Employers also face the prospect that the public is more interested in this topic and generally favors equal pay for equal work. Potential publicity about outlandish pay discrepancies will likely drive more interest for those promoting the equal pay agenda. Boards of directors have little choice but to request HR departments and senior leaders to explain reported pay discrepancies.
The Case for Proactive Pay Equity Analyses
Understanding what your data may show is the key to giving your organization advice on what it might need to do now. Organizations that have recently done a thorough pay equity analysis will better understand not only what they might report but can also observe if previous measures to moderate pay gaps have been successful.

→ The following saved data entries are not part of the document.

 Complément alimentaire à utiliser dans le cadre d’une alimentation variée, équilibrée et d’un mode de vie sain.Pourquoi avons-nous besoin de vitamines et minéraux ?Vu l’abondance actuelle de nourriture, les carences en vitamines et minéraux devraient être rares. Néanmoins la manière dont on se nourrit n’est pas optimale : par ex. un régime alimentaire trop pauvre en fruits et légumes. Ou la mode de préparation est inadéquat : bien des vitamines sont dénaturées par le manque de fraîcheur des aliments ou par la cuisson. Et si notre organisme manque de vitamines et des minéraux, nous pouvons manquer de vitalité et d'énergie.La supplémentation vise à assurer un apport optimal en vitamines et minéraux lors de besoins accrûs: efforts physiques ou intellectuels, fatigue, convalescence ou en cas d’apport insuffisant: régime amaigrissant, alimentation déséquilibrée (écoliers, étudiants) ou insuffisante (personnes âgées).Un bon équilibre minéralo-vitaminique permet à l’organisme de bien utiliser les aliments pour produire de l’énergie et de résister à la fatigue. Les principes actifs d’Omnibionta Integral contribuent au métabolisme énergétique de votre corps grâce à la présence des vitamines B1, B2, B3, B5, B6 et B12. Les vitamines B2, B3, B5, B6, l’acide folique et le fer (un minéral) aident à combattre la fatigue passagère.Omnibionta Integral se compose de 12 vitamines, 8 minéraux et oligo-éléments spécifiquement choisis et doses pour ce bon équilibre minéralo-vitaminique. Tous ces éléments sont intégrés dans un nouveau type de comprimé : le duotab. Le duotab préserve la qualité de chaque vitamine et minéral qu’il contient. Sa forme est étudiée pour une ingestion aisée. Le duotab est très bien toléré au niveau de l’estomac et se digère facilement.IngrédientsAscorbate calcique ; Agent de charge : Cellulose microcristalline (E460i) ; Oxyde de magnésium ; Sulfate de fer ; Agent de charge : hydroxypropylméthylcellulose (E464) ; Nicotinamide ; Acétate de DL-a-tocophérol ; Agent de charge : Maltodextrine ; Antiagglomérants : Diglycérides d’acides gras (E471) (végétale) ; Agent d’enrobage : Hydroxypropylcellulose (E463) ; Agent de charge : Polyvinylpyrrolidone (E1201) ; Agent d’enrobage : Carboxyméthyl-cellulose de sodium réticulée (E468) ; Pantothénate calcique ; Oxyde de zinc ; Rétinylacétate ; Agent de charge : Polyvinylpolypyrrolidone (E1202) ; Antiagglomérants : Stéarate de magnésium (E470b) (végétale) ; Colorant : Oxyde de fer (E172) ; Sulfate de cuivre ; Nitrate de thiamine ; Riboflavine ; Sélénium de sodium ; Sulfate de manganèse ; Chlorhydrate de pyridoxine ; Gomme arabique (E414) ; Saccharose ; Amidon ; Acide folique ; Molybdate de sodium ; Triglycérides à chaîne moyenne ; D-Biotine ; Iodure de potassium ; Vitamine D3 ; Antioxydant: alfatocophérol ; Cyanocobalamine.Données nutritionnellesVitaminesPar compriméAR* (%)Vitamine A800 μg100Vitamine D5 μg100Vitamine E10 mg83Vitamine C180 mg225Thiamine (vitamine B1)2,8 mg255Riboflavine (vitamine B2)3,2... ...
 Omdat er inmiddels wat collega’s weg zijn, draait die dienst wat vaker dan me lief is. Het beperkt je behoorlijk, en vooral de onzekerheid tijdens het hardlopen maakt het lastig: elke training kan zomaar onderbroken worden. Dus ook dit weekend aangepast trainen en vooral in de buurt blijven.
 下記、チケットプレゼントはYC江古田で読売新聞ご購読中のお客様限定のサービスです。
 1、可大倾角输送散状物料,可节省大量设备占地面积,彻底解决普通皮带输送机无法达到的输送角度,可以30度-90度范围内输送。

A proper pay equity analysis is done under legal privilege and allows you to explore how different factors such as tenure, hire date, location, prior salary and employee ratings (as some examples) may have affected your pay data when comparing by race and sex.
Could this be used against you? There is no guarantee, as data is data and like other facts, it is always discoverable. But using counsel familiar with these efforts to help make judgments and decisions about the data is an example of privileged advice that can be protected. More importantly, privileged advice better places your organization to understand its risks and consider appropriate actions. There are many good professionals who specialize in conducting these analyses. Most can partner with lawyers working under privilege.
Finally, it is my experience that managers and workforces respond positively when it is understood that the employer is taking steps to ensure pay inequities are fairly dealt with by the employer. This is a complicated topic so get advice now and keep an eye on the EEOC’s website for more details about reporting requirements.